Bob Gammage today filed paperwork with the Texas Democratic Party, officially becoming a candidate for Texas Governor. Below is the text of his of his remarks.

“Good morning. Thank you all for coming. In the weeks to come we will have a formal announcement that addresses specific issues and goals. Today I will just make a brief statement about why I am running.

“This campaign is about reform. It is about opening state policy-making to public scrutiny. It is about restoring the public trust.

“When I first entered public life as a newly minted freshman member of the Texas House some years ago, the people of Texas faced a crisis of political corruption. Our lawmaking process and our entire state government were dominated by an authoritarian system, controlled by lobbyists, special interests and power elites who ran rampant in our halls of government, and who ran roughshod over the public interest. I soon became a proud member of the Dirty 30 - a bipartisan group of 19 Democrats and 11 Republicans in the Texas House - who stood up to the power brokers and, with the help of an outraged citizenry, beat that corrupt political machine.

“Today, unfortunately, our state government has come full circle. Once again we desperately need the citizens of Texas to take charge of their state government.

“Today there is a corrupt political machine which stretches from Washington, D.C. all the way to Austin. Tom DeLay and his cronies are at one end, and Rick Perry and his pals are at the other. The money flows both ways. It has corrupted our politics, corrupted our government and, more importantly, corrupted public policy and betrayed the public trust.

“Public office is a public trust. I am running against today's corrupt political machine. I am standing up for reform. I am determined to do everything in my power to restore the public trust and the integrity of the political system. Sometimes good citizenship requires you to put your personal interests aside and just do what's right.

“In an ideal world, the governor of Texas should denounce the shenanigans of Tom DeLay and his twisted, unethical schemes. But Rick Perry is too weak and too dependent on the wealthy, powerful and ruthless special interests that both he and DeLay work for.
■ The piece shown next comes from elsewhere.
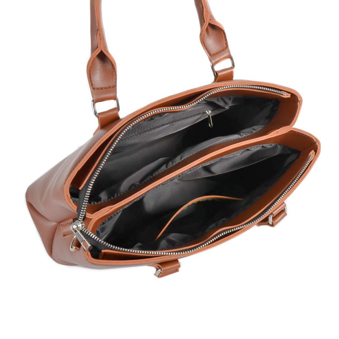 Сумка з двома ручками невеликої довжини, які ручно носити в руці. Також наявний знімний широкий регульований ремінь.

“The sad truth is that bad values and weak character at the top produce bad policies for the rest of us. We've seen it time and again -- a leadership that preaches character and commonly held values while practicing neither. On virtually every important issue - funding our public schools, the tax burden on middle-income families, health care for our children, preserving our environment, funding for our public colleges and universities, and how we choose our elected officials -- the men at the top do not fight for the common good, but for the privileged power elite who bankroll their campaigns and keep their machine rolling.

Let's hope for the sake of ridding ourselves of Rick Perry that this doesn't turn into an expensive knockdown dragout that weakens our eventual nominee. Gammage sounds capable of taking the fight to the GOP, and he offers a clear choice between old guard and New Mainstream.

To be clear: if Gammage wins the primary in March I'll gladly support him.

But I'll support my former Congressman and friend Chris Bell in the primary, and I'm still waiting for Bob -- or anyone else -- to answer some questions for me.

Update (12/16) : Yesterday morning, I e-mailed the Gammage campaign the questions I asked in the blog post linked immediately above, and last night I attended the Harris County Democratic Party holiday party, where Bob Gammage coincidentally was a late arrivee. As I made my way over to introduce myself, his associate John Effinger intercepted me and -- being familiar with my questions -- brushed them aside with a curt "There's nothing there".

Well John, in the holiday spirit I chose not to make our intial meeting confrontational, but that answer just won't wash.

I'll keep asking them, and it might be wise if you suggest that Bob consider answering them straight.